Source material:
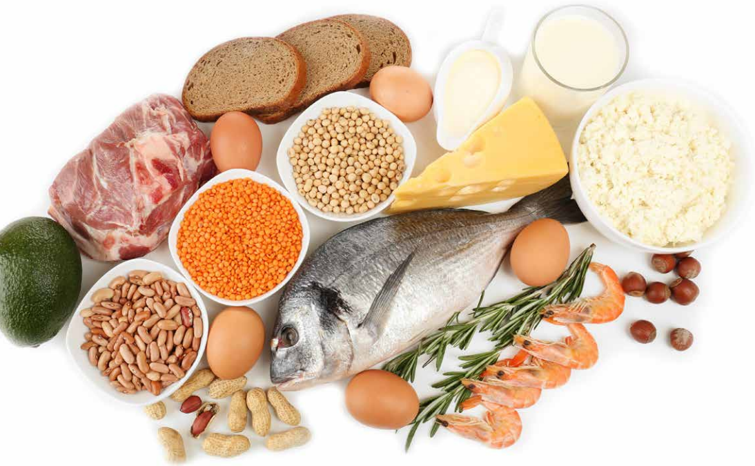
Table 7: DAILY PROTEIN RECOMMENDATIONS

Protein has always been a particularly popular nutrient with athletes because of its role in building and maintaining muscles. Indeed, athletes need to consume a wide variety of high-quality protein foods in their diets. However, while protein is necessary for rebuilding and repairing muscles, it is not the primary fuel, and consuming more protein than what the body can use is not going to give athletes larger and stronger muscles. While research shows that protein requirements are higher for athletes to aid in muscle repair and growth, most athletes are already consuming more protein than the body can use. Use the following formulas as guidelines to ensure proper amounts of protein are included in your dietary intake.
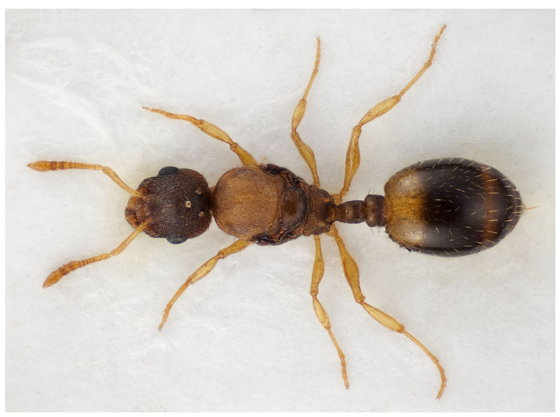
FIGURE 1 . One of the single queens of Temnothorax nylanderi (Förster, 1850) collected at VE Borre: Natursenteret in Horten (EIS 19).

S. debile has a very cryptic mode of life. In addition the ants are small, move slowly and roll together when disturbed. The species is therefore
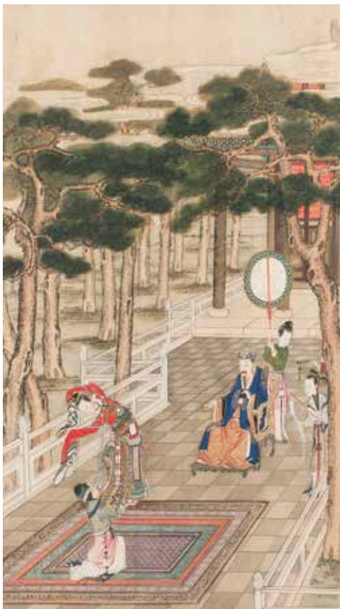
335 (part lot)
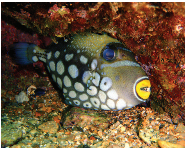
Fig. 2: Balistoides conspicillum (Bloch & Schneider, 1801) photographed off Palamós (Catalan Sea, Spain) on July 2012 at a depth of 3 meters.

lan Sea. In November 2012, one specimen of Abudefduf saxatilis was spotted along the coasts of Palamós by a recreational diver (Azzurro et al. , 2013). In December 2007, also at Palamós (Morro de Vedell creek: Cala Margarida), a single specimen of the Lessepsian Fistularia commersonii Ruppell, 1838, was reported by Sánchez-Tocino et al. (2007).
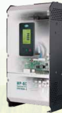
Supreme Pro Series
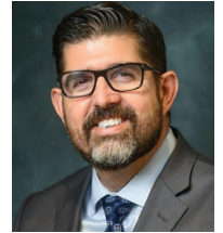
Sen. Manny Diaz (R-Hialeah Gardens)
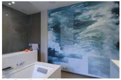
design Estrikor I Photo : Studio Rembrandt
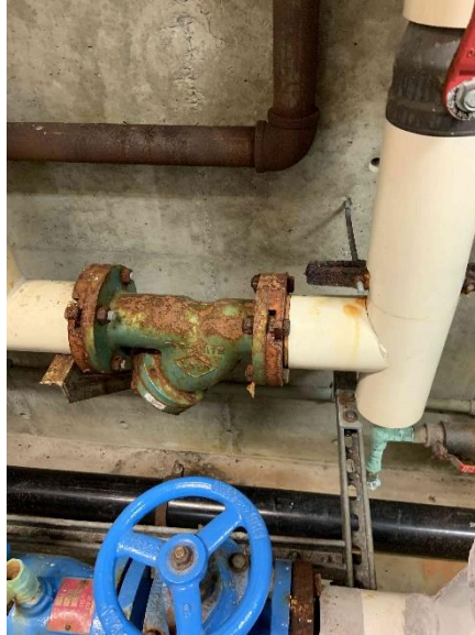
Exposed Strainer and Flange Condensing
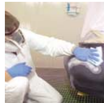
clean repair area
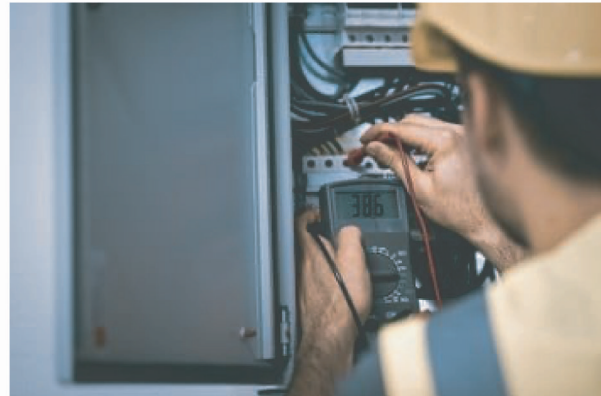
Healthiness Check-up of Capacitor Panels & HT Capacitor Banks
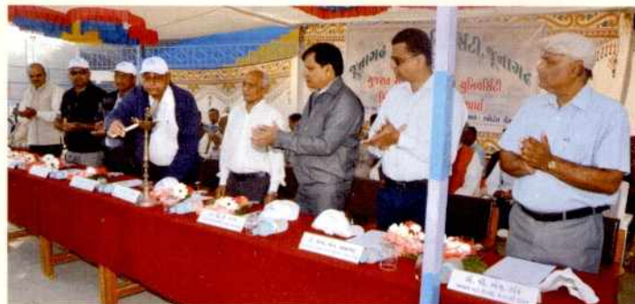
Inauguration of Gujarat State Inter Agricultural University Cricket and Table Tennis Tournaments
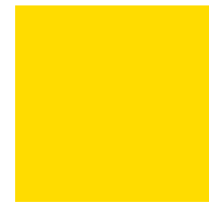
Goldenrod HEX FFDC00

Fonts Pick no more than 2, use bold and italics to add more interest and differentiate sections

* * *

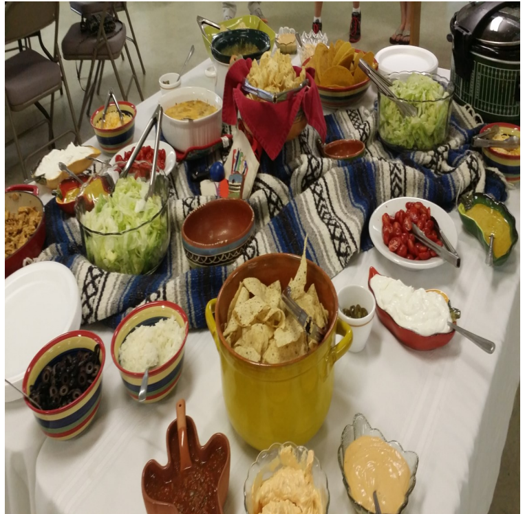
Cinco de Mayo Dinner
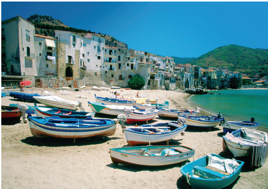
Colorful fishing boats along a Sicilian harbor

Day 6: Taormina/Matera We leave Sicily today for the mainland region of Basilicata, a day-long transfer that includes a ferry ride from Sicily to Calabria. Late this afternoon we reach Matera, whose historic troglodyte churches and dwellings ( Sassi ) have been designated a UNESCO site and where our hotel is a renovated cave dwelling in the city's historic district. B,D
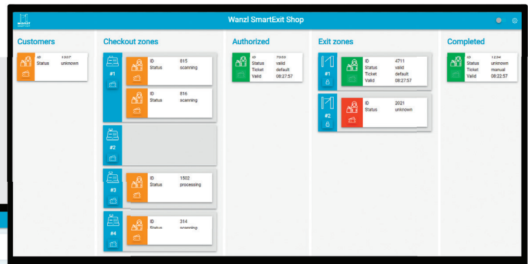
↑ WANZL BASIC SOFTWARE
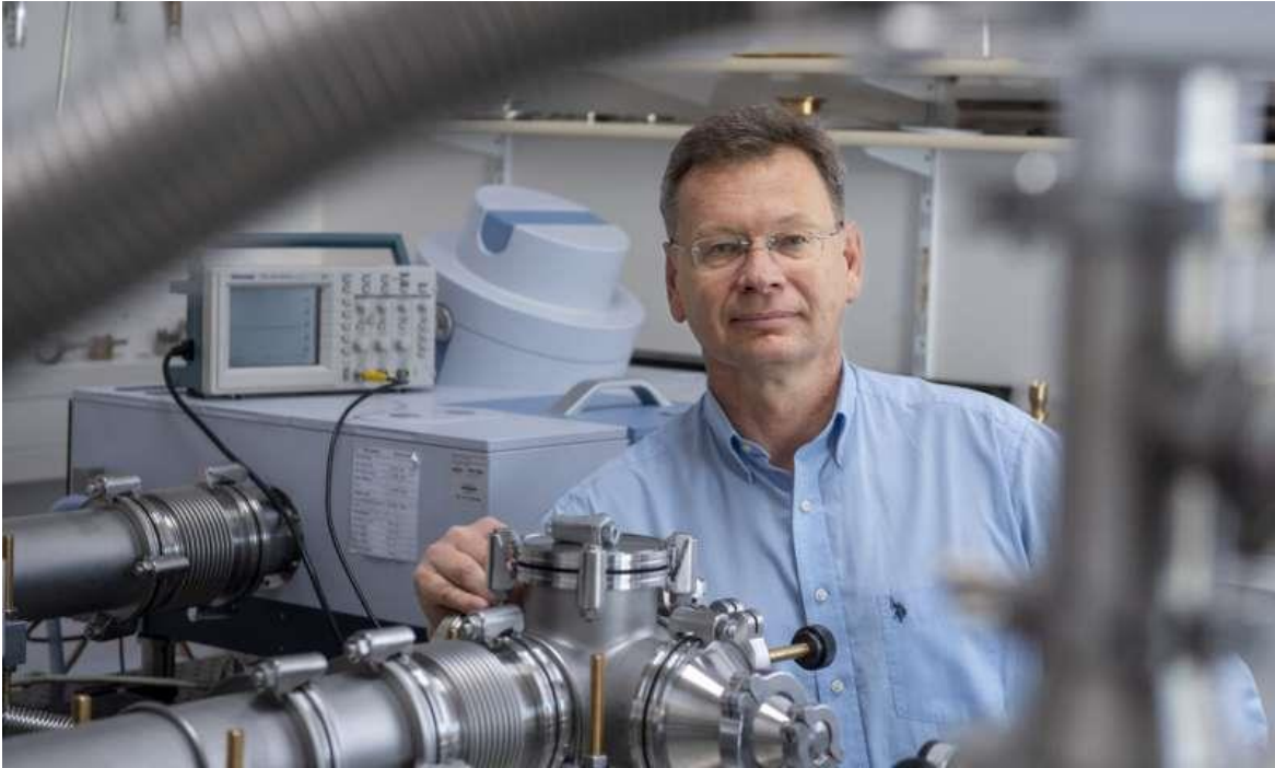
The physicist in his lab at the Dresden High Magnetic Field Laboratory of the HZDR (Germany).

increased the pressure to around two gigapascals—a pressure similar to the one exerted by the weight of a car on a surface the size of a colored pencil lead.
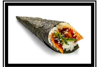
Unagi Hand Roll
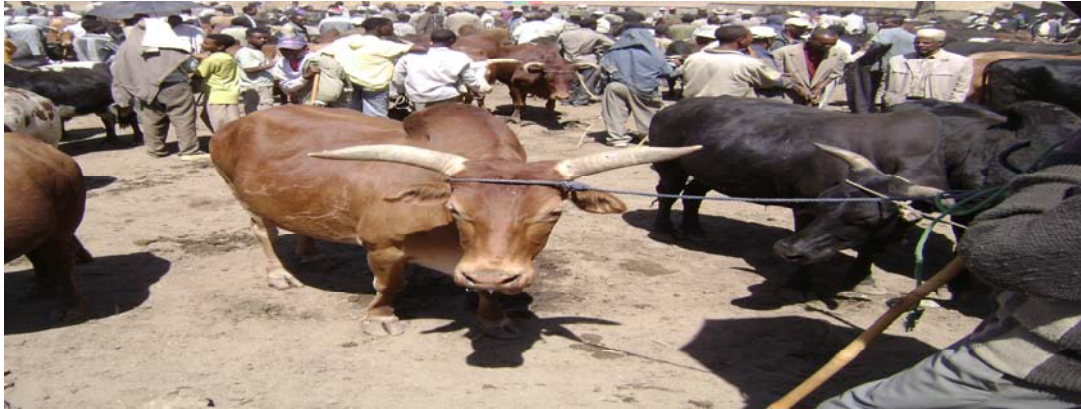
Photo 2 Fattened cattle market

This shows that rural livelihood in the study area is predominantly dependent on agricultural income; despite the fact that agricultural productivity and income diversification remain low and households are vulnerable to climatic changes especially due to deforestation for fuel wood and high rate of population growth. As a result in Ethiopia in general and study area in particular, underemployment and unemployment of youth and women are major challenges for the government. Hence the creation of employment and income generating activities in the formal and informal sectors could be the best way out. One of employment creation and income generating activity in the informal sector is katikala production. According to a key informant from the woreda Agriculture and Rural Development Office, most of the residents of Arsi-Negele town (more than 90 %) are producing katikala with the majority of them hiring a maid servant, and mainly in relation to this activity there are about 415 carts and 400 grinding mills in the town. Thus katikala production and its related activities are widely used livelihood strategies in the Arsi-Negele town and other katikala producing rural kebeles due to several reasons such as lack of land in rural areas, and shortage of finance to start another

Exercise description: Among the entries above, copy exactly the stretch from the line holding "S. debile has" through the line holding "Fonts Pick no", leaving out any pictures.

Task output:
S. debile has a very cryptic mode of life. In addition the ants are small, move slowly and roll together when disturbed. The species is therefore
335 (part lot)
Fig. 2: Balistoides conspicillum (Bloch & Schneider, 1801) photographed off Palamós (Catalan Sea, Spain) on July 2012 at a depth of 3 meters.

lan Sea. In November 2012, one specimen of Abudefduf saxatilis was spotted along the coasts of Palamós by a recreational diver (Azzurro et al. , 2013). In December 2007, also at Palamós (Morro de Vedell creek: Cala Margarida), a single specimen of the Lessepsian Fistularia commersonii Ruppell, 1838, was reported by Sánchez-Tocino et al. (2007).
Supreme Pro Series
Sen. Manny Diaz (R-Hialeah Gardens)
design Estrikor I Photo : Studio Rembrandt
Exposed Strainer and Flange Condensing
clean repair area
Healthiness Check-up of Capacitor Panels & HT Capacitor Banks
Inauguration of Gujarat State Inter Agricultural University Cricket and Table Tennis Tournaments
Goldenrod HEX FFDC00

Fonts Pick no more than 2, use bold and italics to add more interest and differentiate sections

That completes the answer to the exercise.